An aside: like many, I have a "skill" that builds other skills, not unlike what Claude released this week. But I send mine into Claude Cowork once a week to scan ArXiv for the newest articles relevant to my use of GenAI and it identifies and internalises improvements to my skill-building bot. So my skill-building semi-automatically improves itself each week based on best academic understanding of LLM behaviour and capability. I don't know many other people that do this as consistent practice.
We all thought "tech debt" used to be an organisational drag. Just wait until we arrive 24 to 36 months from now — it's going to be painful.
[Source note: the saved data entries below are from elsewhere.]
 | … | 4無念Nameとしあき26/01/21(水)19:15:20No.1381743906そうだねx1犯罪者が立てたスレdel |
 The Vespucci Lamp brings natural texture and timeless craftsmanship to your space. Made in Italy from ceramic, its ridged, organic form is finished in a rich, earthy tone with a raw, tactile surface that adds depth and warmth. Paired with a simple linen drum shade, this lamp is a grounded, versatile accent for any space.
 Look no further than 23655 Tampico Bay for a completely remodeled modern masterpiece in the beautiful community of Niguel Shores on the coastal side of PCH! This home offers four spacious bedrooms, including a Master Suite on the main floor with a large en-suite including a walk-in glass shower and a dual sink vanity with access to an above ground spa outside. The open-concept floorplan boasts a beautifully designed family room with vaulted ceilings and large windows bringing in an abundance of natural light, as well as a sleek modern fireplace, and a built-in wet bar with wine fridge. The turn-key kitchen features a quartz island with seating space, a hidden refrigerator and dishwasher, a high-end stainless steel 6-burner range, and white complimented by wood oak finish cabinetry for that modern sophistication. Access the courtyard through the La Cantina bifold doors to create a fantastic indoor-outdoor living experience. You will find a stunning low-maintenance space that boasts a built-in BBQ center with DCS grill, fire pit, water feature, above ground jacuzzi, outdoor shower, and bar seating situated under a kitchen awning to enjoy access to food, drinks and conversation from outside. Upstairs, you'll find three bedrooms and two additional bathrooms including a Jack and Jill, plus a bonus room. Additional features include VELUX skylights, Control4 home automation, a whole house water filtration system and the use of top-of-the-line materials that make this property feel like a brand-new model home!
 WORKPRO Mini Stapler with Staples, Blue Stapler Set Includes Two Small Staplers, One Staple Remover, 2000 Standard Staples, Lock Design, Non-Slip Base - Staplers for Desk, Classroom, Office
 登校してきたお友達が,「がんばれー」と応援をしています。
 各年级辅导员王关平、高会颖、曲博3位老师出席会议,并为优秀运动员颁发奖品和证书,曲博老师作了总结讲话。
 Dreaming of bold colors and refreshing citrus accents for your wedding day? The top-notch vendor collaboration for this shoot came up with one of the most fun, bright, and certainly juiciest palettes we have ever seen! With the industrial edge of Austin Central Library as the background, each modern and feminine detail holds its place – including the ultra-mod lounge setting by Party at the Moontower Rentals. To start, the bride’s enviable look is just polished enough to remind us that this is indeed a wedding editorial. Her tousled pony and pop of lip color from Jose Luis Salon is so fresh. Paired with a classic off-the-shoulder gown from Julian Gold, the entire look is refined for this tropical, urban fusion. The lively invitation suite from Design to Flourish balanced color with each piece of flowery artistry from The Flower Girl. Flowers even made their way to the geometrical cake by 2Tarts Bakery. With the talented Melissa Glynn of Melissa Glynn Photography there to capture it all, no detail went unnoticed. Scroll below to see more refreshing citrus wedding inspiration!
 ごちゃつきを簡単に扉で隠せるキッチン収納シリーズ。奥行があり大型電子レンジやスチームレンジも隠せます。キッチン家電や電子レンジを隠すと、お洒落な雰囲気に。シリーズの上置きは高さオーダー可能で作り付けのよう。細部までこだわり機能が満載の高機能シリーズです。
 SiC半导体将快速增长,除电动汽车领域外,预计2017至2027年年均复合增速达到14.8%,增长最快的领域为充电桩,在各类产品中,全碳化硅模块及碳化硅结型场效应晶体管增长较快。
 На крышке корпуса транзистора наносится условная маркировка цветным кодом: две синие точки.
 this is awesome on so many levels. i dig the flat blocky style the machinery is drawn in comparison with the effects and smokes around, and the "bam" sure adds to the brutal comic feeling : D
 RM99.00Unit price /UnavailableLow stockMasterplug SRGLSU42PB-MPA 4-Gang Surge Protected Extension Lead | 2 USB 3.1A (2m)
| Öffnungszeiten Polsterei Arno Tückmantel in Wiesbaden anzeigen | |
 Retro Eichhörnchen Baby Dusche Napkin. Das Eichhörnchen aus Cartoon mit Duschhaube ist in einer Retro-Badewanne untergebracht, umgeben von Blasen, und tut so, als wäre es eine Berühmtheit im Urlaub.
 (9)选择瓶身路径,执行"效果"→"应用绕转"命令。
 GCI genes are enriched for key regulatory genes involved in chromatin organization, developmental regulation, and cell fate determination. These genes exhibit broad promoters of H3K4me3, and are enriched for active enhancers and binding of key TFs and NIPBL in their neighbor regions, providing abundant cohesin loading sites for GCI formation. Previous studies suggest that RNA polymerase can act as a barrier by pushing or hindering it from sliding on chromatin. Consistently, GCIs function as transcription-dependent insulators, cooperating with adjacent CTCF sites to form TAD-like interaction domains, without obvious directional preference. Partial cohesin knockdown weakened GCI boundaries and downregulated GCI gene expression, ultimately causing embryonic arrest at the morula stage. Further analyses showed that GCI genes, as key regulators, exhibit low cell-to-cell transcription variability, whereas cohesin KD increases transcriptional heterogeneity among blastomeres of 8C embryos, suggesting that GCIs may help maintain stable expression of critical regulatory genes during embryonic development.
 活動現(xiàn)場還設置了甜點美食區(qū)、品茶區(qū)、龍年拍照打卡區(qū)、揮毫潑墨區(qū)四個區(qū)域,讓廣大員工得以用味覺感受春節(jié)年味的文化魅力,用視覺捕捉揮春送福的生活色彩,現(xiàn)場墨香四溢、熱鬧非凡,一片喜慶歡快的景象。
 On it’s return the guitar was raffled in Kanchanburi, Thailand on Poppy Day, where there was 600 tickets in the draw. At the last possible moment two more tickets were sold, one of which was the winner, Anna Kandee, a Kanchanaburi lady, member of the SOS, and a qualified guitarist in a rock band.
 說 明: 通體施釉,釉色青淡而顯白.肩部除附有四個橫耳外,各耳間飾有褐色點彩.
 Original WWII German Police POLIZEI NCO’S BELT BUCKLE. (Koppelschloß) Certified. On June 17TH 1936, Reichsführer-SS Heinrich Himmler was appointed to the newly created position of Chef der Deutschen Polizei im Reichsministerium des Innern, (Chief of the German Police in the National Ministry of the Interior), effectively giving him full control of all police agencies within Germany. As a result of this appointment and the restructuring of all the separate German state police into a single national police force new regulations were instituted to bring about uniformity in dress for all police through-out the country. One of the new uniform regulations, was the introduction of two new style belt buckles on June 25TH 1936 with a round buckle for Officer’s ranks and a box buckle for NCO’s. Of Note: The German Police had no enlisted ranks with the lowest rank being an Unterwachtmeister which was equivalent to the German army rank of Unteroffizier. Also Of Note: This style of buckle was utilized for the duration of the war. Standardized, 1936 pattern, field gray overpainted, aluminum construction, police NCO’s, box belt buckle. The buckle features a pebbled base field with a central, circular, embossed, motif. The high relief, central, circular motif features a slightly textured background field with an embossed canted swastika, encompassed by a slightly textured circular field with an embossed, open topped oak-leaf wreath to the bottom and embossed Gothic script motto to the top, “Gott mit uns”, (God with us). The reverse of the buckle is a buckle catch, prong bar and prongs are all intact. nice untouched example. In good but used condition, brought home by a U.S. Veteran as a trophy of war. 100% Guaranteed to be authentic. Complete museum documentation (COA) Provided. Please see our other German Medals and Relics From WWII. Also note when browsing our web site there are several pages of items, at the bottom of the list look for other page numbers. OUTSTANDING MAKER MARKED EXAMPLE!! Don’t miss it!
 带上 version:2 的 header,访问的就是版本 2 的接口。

One more aside: if there is a platform or system that manages these things well, please drop me a note! Gartner just named "Agent Management Platforms" as a formal category and projects spending will surge from nearly nothing today to $15 billion by 2029. The market clearly agrees we have a problem. Excel macros can create some havoc; GenAI bots can create chaos!
The risks that this new world creates across every dimension (operational rigour, IP protection, bias, data security) are close to unprecedented in industrial technology disruption. The more capable, autonomous, and powerful these agentic capabilities get, the more scope for unintentional or deliberate malfeasance. You thought the "flash crash" was bad — Amazon recently held an emergency engineering meeting after AI-assisted code changes caused a 13-hour AWS outage and then brought down Amazon.com itself for six hours. We haven't seen anything yet.
Last, we will see an explosion of competition. Different layers of offerings and business models will see violent expansion and redistribution of value, market share, and positioning. (I am going to tackle "competitive moats" in a GenAI-intermediated world sometime very soon.)
So welcome to our new world: The Compression & The Explosion.
Expect more on competitive moats, the future of PE in enterprise services, talent, and the strange new economics of a world where building is cheap and governing what you've built is the hard part. I'll also be increasingly welcoming co-authors (friends old and new) who bring perspectives I can't. I know, I know — I need to get back to a more regular cadence. It's been a busy first year out in the field! Stay tuned.
j
Disclaimer: These views are my own and reflect no other organisation. They are current today but likely to evolve rapidly as our world, markets, and technologies do. Comments are welcome but please be constructive and civil. We are all trying to work out answers to this new world together!
Nota Bene: A friend asked me if I write these posts or does an LLM! I write all the words you see above. I do ask an LLM to critique it for me, identify any grammar errors, and fact-check my references. But the words all remain my own.